A Substack Only a 32 Year-Old With a History of Back Pain Could Write
Awake, writing a Substack at 2am, but it's cool! It's alllll good.
I cured my chronic back pain by telling myself it wasn't real.
I learned to do this from a book, and it worked. This quick fix was a relief, and it wasn’t. The brain can convince you that you're beyond repair, while the structure stays unknowingly intact. The misdirect can bring you to tears in bed on your thirty-second birthday: "I'll never control my body again," but it was only your brain — the organ that offers you your entire reality — detecting pain where there is none. The “pain” is actually stress and anxiety packed so deep and wide within you that it presses on your spine like an injury — but no problem! You had your body all along. The trick is to just convince yourself that you are actually safe.

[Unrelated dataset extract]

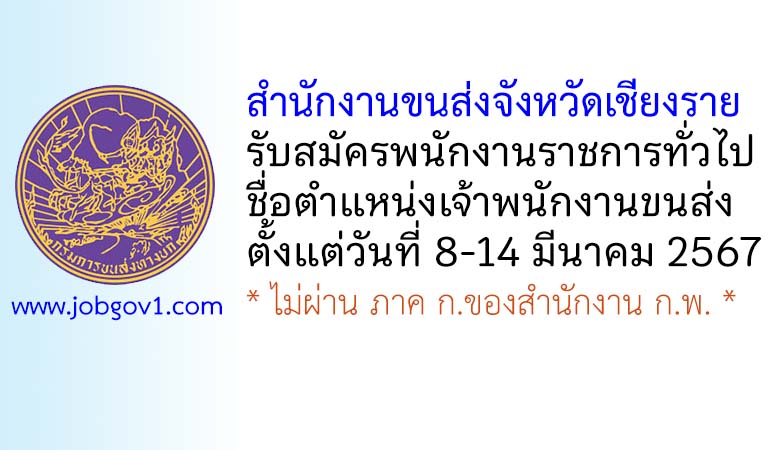 สำนักงานขนส่งจังหวัดเชียงราย รับสมัครพนักงานราชการทั่วไป ตำแหน่งเจ้าพนักงานขนส่ง ตั้งแต่วันที่ 8-14 มีนาคม 2567

You can kind of laugh about it when you forget how long it took find healing. I'm a vibes girl; I believed what I felt to be true.
I've become obsessed with the possibility of contentment. Of regular achievements. Experiencing life not as an upward trajectory, but simply a current moment following and preceding other moments, neutrally. Occasionally this outlook releases me from assumptions I learned in school: that everything I do must lead to an ultimate reward (money, legacy, purpose, excellence). And it loosens the grip of a desperation I discovered when I started doing standup or writing songs, clinging to a hope that some talent might be honed which could rescue me from my reality of being broke, being lonely, being normal. As expected, putting aside grandiose, materialistic, selfish ideas is the key to a sense of freedom, an untangling, a decoding. A release of pressure.

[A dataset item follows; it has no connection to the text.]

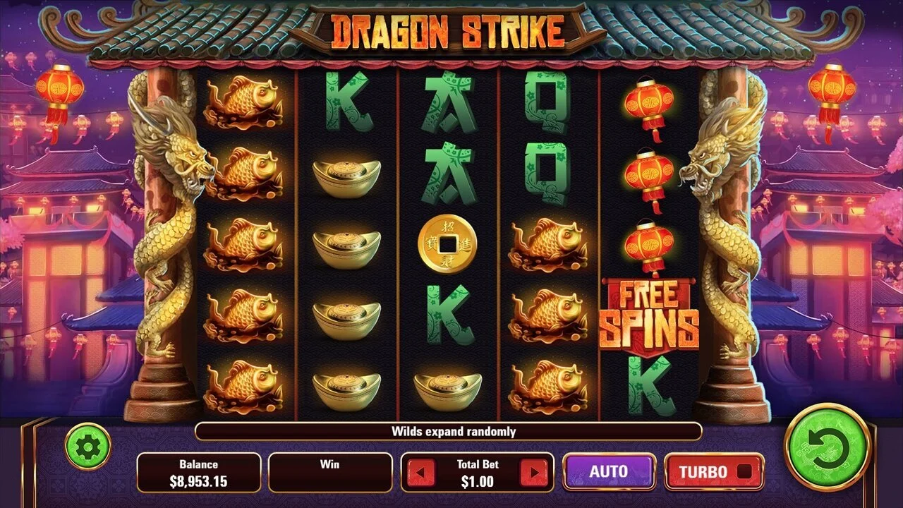 This 40-line, 5x5 video slot has three different types of expanding wilds which become sticky during free spins. Feel the power of Dragon Strike with potentially huge wins in both the base game and free spins.

But then, of course, I see anyone receive a material reward of any kind and I reconnect all the dots.
Watching the Grammys one year, I noticed that the one thing guaranteed to make me cry (weep, really) is an award show acceptance speeches. Seeing someone overwhelmed by something that is the opposite of dread. Witnessing a dream-come-true, which seems like the only miracle left. It's a joy I can't fully understand, but it moves me that someone can, for one second, tell themselves "I am what I wanted to be." And there are losers too, but they don't focus on that too much in the broadcast, so I can focus on the miracle of winning while forgetting the other dreams that got so close but leave squashed, or put on hold, bypassed and politely asked to quiet down for the evening.
I have to admit that there is something ugly running deep within me that feels like I'll die if I never do anything — write a book, join a band, make a movie, have a family, tell a good joke, become remarkably beautiful, have a famously perfect personality (plus a fully functional, pain-free lower back). If I did any work worth noting, I'd let it define me! So what!
And if I accomplished one of those things, any lifetime achievement, I would wish I had conquered them all. It’s greedy. (At this point in my existential spirals, I remind myself I’ve been meaning to start volunteering. It would be possible to be useful without being at the center of the world.)
There just aren't enough lives to live, and the one I have is programmed with little to no excess or fanfare. I am a literal accountant (the exact job every artist says they could never do) and I survive the best I can. I have a family, I have friends, I have pets, I keep beloved knicknacks around my home, I vote, I just started reading books again, and I can sing as long as the notes aren’t too complicated. The pity party can end: I don’t have nothing. And people write books and crap like that all the time, I could certainly crank something out if I wanted. I just haven’t! And have no plans to! No problem.
The act of counting my blessings feels at once validating, essential, and an exercise in admitting that I can only count small blessings, some at a frequency that only I can hear. And that, from what I can tell, is normal.
Dying to be someone while you technically are being someone is a kind of torture. A pain signal to the brain. No discernable injury.
It's the recurring, self-centered, fruitless whirlpool of my adult life: Can I be content with myself, as is? What if there is no secret to unlocking my potential — could this be my full potential? (I wince.) Am I functional? Have I been safe all along?
It could be really beautiful to accept the reward of merely waking up in a manageable, small, and sweet life — the smallness itself can be a luxury — without constantly seeking something big: a project, a discovery, adoration, fame, a title.
Well, I won’t sell myself short. I did cure my own back pain. I'm basically a doctor.